Irene is next to go, and she falls in the lip sync (and she falls hard, bitch), but Lydia would have beaten her even if she hadn’t. Again, I must lament how the show made such a story of her in the first bracket, only to drop her like a hot potato. Her rise from being one of the hardest crash-and-burn first outs to a barnstorming competitor is the kind of organic but earned trajectory we want to see on All Stars. She was never preordained or rigged to win; her narrative came straight from doing great drag, and she should have had a better shot than she ultimately did.

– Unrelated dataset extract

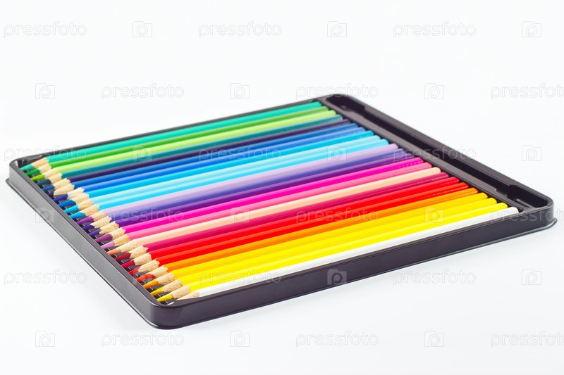 Набор цветных карандашей в коробке на белом фоне

The only signs of Rate-a-Queen riggery is the pairing of Aja and Jorgeous (even though they ranked each other first). Obviously, the temptation to see these two lip-sync titans go head-to-head is real, but Aja ranked sixth doesn’t math up. Aja starting the number dressed as the fiercest sister in the abbey ready to solve a problem like Maria is a highlight of the episode, along with the ebullience she and Jorgeous give Natalie Cole’s “Party Lights.” But like Katy Perry, Jorgeous killed that nun. Aja stifles her sadness at the lip-sync loss, but I think if her goal this All Stars was to announce her reentry into the drag world as a fuller version of herself, no one can say she didn’t achieve that.

Daya Betty’s tearful exit also reflects one of the season’s missed narrative opportunities, with Daya nodding to her strong connection with Bosco. After watching her bracket bond with Ginger, this season’s success for her was clearly about relationships, but we never got enough of that as a story element to feel like we could celebrate Daya. Granted, Daya’s performance in the competition never made her much of a front-runner, despite her punkly ornate but meticulous drag.

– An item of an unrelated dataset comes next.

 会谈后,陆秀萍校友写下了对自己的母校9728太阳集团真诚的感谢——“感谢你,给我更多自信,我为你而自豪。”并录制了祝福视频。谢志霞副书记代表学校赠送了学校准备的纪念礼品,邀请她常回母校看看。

A front-runner who does flame out, though, in one of the more obvious calls of the episode, is Bosco. God’s Favorite Transexual shows up in her showgirl finest with basically the city of Las Vegas atop her head, looking jaw-dropping and ready for battle. After a stunning, cinematic performance to “Show Me How You Burlesque,” she sends Daya packing. But in the immediate follow-up against Ginger to a Pink track (let the congregation say “Love Pink!”), Bosco clearly runs out of gas. LaLaPaRuZas are uniquely not Bosco’s thing, so she was probably always screwed here. But her first lip sync of the night — possibly the season’s best — does run against that narrative of her lip-sync abilities and shows that she was always a contender.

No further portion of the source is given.